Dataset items
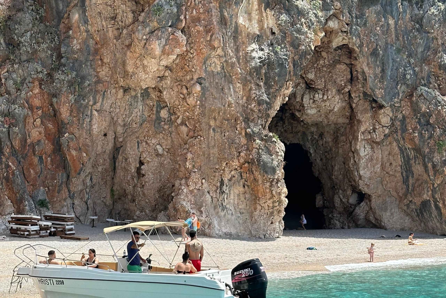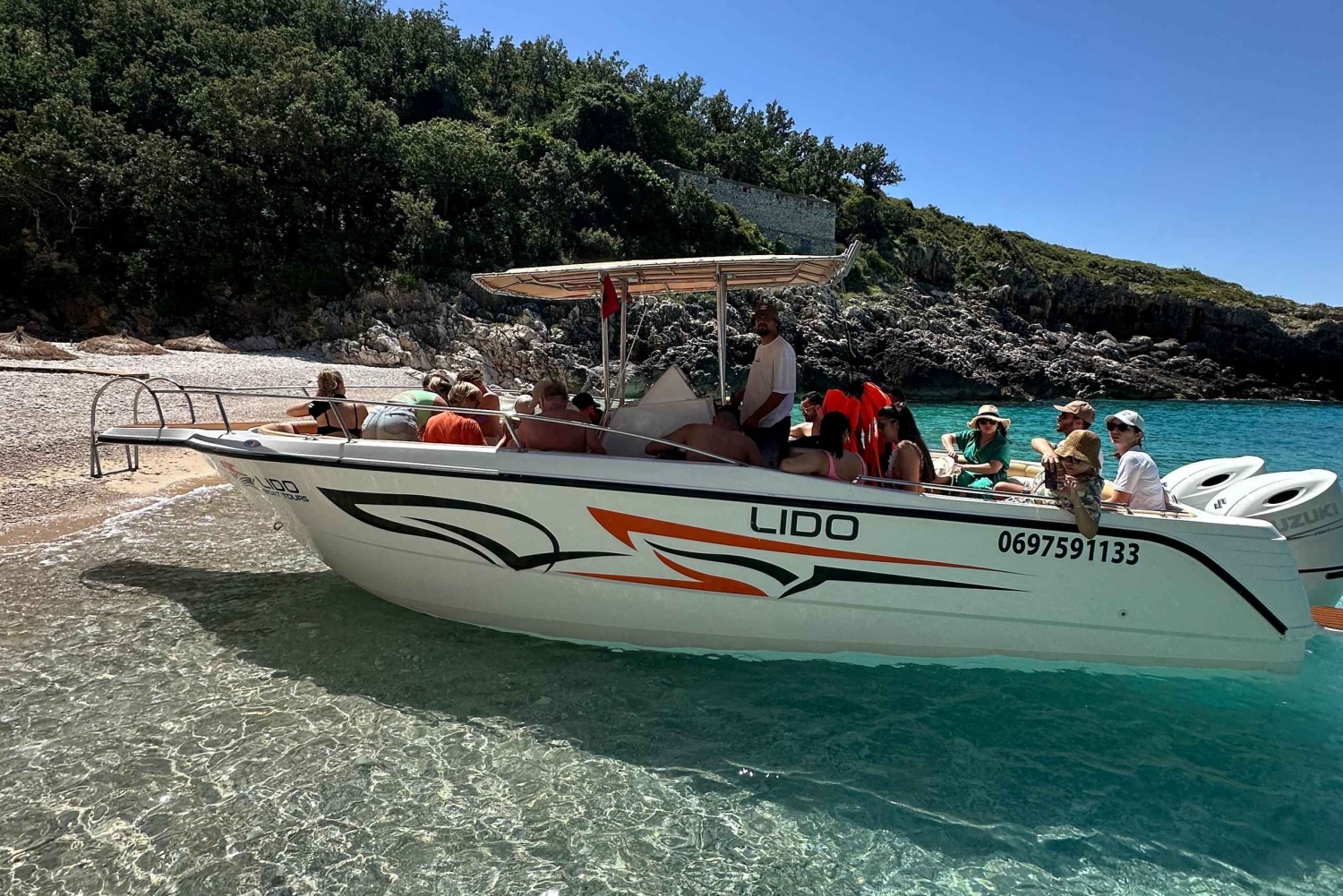Oplev den albanske riviera på en 5,5-timers bådtur. Svøm i krystalklart vand, udforsk skjulte huler, og slap af på den fantastiske strand ved Grama Bay.
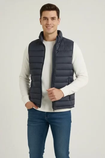 Erkek Günlük Şıklık Lacivert Şişme Fermuarlı Su Itici Kapitone Astarlı Kumaş Cepli Hafif Kışlık Spor Rahat Kalıp Yelek
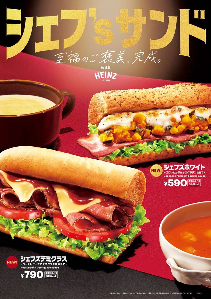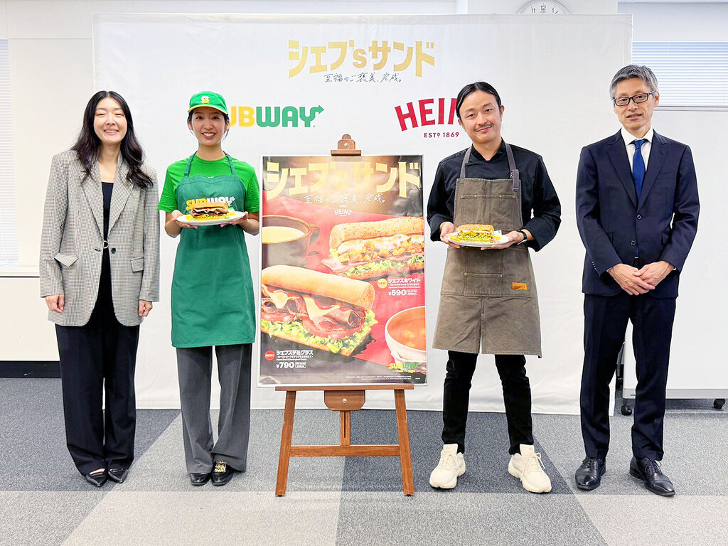 日本サブウェイ合同会社が展開するサンドイッチチェーン「サブウェイ」は、ハインツ日本株式会社とコラボした2種のサンドイッチ『シェフズデミグラス~ローストビーフにデミグラスを添えて~』と『シェフズホワイト~ゴロっとかぼちゃのグラタン仕立て』を、2024年11月13日(水)から期間限定で、全国のサブウェイにて販売を開始した。また、サイドメニューのスープ2種もハインツコラボの『濃厚カントリーコーンスープ』、『ゴロゴロ野菜のトマト&クラムスープ』にリニューアルし、同日より全国のサブウェイでレギュラー販売を開始した。発売に先立ち、プレス関係者向けに発表会が実施された。
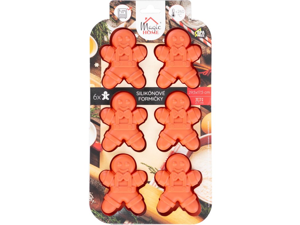 Forma MagicHome, na pečenie, vianoce, silikón, 6 kusov postavičky perníček, 29,5x17,5x2,7 cm
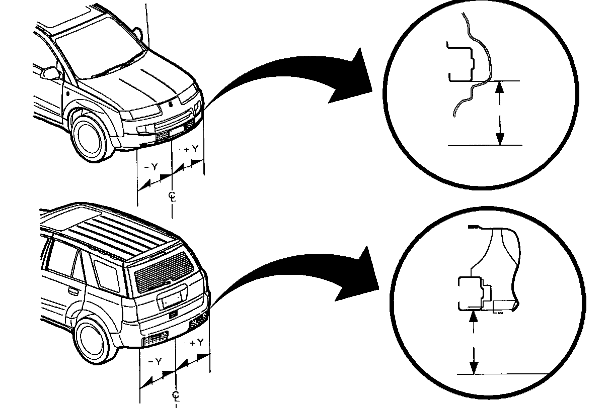 Locating point -Y and +Y is distance from the center line of vehicle according to the following chart.
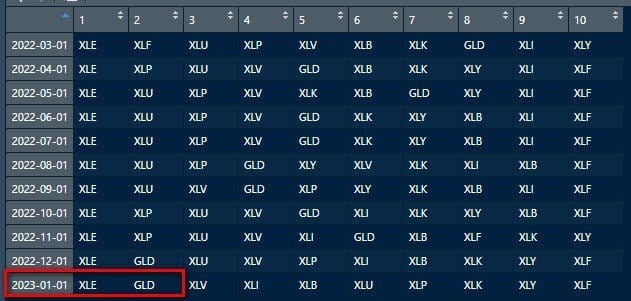 Como veníamos avisando el mes anterior, el ORO (GLD) sigue ocupando la segunda posición y esta vez el sistema le otorga puntuación positiva, por lo que es momento de invertir en el. Esto desde luego no es un buen presagio para 2023.
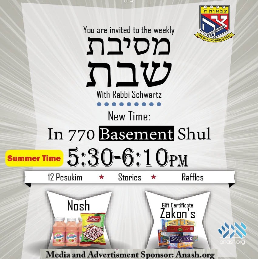 The Messibas Shabbos takes place weekly in the basement shul at 770 before Mincha. In the summer, the weekly gathering takes place from 5:30-6:10 PM.
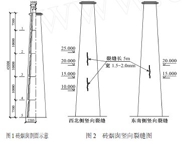 右,宽度115~210mm,其余部位发现有细如发丝的竖向裂隙,但无环向裂缝。从裂缝的部位、走向及长度、宽度进行分析认为,该烟囱的竖向裂缝对烟囱的安全使用造成威胁,其余细微裂缝尚属正常。
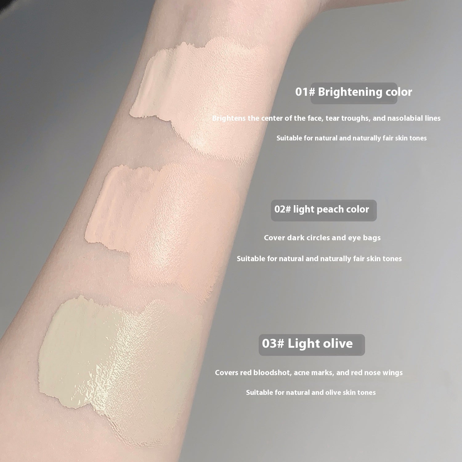 Color classification: 01# bright color, 02# light peach color, 03# light olive green
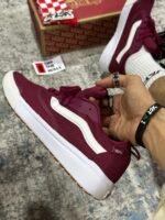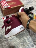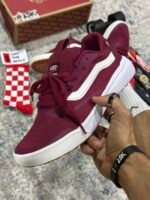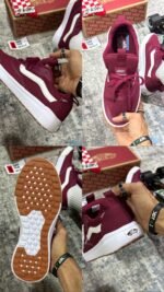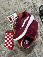 Las Vans UltraRange Surf vinotinto llegan para quienes necesitan comodidad real sin perder estilo. Esta silueta unisex combina un upper en malla respirable, refuerzos sintéticos durables y la icónica Sidestripe blanca. Su entresuela con tecnología UltraCush™ brinda una pisada suave y ligera, ideal para caminar, viajar, trabajar o moverse todo el día.
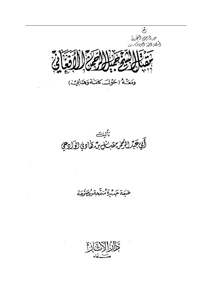 المؤلف : الشيخ مقبل بن هادي الوادعي
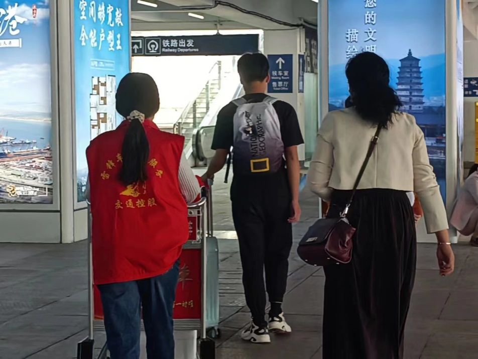 今年中秋、国庆小长假期间,为进一步做好客运疏导工作,保障旅客安全有序出行,平稳地渡过客流高峰,来自我校的35名青年志愿者前往连云港火车站、汽车站为广大旅客提供暖心志愿服务。
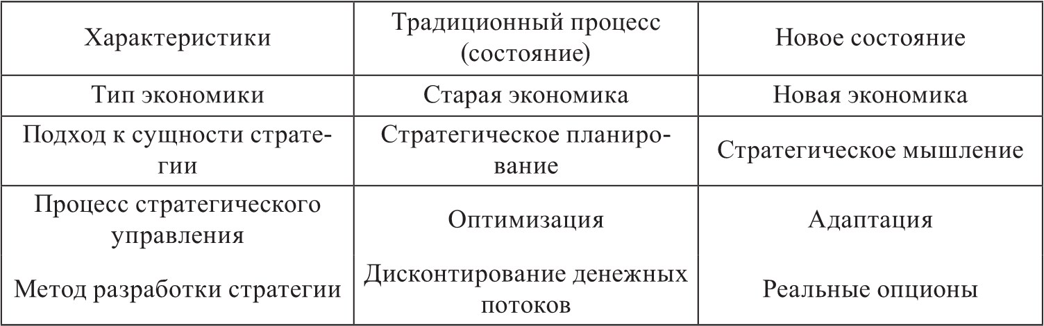 Г. Минцберг [134] выдвигает похожую точку зрения. Он предполагает, что стратегическое планирование, как исторически практикуемое, в действительности представляет стратегическое программирование: соединение стратегий развития, которые уже существуют. Он продвигает стратегическое мышление, которое объединяет интуицию и творчество. Б. Артур и Г. Минцберг «представили таблицу, в которой сравнивается старая и новая экономики» (цит. по: [132, c. 9]) (табл. 2). В.С. Катькало характеризует подобные изменения «смещением акцентов со стратегического выбора на стратегические изменения» [36, c. 392].
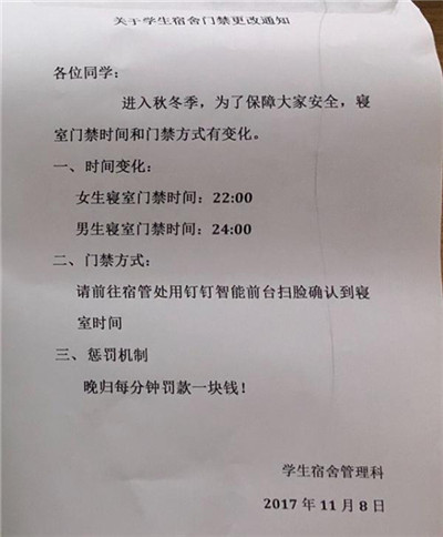 近日,有杭州某高校學(xué)生爆料,杭州某大學(xué)宿舍管理處為管理學(xué)生寢室門禁,引入人臉識(shí)別簽到,要求女生在晚上10點(diǎn)前回宿舍,晚到一分鐘罰款1塊錢,而男生竟然可以晚兩小時(shí)。
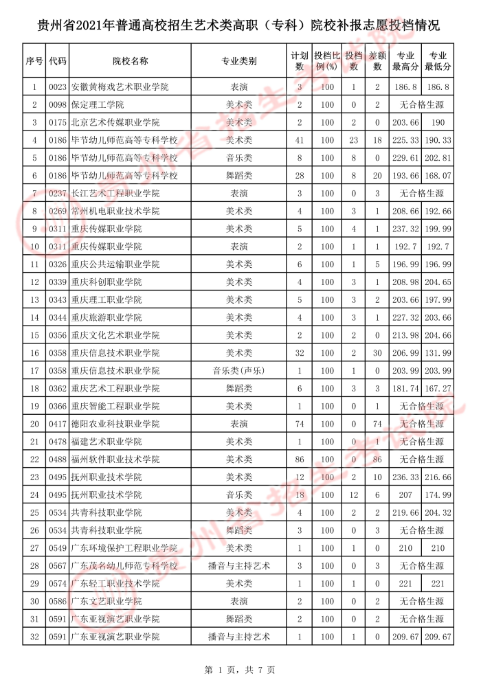 2021年8月6日普通高校招生艺术类高职(专科)院校补报志愿投档情况.pdf
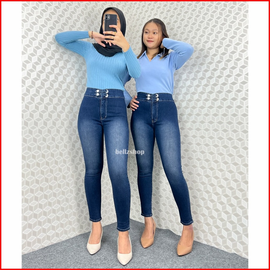 Celana Highwaist Wanita Jeans Skinny Stretch Tint Brown Kekinian Premium Luna
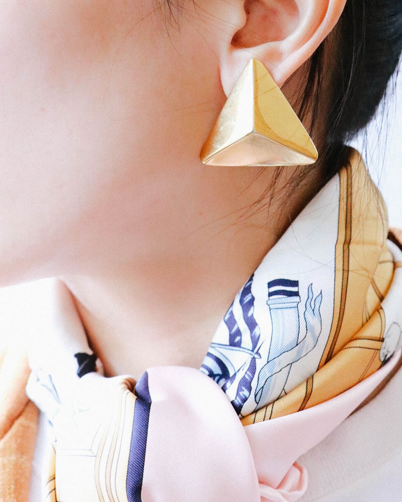 ゴールドイヤリングのトライアングルモチーフが存在感を放つこちらのイヤリングはジバンシーのもの。形・カラーが大人のヴィンテージスタイルにとてもマッチする一品。コーディネートのアクセントではなくイヤリングを主役で考えるのも楽しい。立体的なシルエットと大ぶりなサイズ感で小顔効果も抜群です。
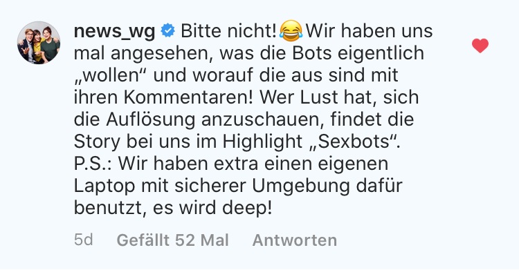Du willst dringend Sexbot-Comments absetzen, aber folgst uns noch nicht auf Instagram? Dann aber los:

▶ [Directions for this task] Reproduce the data above exactly, but only from the line containing "日本サブウェイ合同会社が展開" through the line containing "Color classification: 01#"; skip the pictures.

▶ [Solution to this task]
 日本サブウェイ合同会社が展開するサンドイッチチェーン「サブウェイ」は、ハインツ日本株式会社とコラボした2種のサンドイッチ『シェフズデミグラス~ローストビーフにデミグラスを添えて~』と『シェフズホワイト~ゴロっとかぼちゃのグラタン仕立て』を、2024年11月13日(水)から期間限定で、全国のサブウェイにて販売を開始した。また、サイドメニューのスープ2種もハインツコラボの『濃厚カントリーコーンスープ』、『ゴロゴロ野菜のトマト&クラムスープ』にリニューアルし、同日より全国のサブウェイでレギュラー販売を開始した。発売に先立ち、プレス関係者向けに発表会が実施された。
 Forma MagicHome, na pečenie, vianoce, silikón, 6 kusov postavičky perníček, 29,5x17,5x2,7 cm
 Locating point -Y and +Y is distance from the center line of vehicle according to the following chart.
 Como veníamos avisando el mes anterior, el ORO (GLD) sigue ocupando la segunda posición y esta vez el sistema le otorga puntuación positiva, por lo que es momento de invertir en el. Esto desde luego no es un buen presagio para 2023.
 The Messibas Shabbos takes place weekly in the basement shul at 770 before Mincha. In the summer, the weekly gathering takes place from 5:30-6:10 PM.
 右,宽度115~210mm,其余部位发现有细如发丝的竖向裂隙,但无环向裂缝。从裂缝的部位、走向及长度、宽度进行分析认为,该烟囱的竖向裂缝对烟囱的安全使用造成威胁,其余细微裂缝尚属正常。
 Color classification: 01# bright color, 02# light peach color, 03# light olive green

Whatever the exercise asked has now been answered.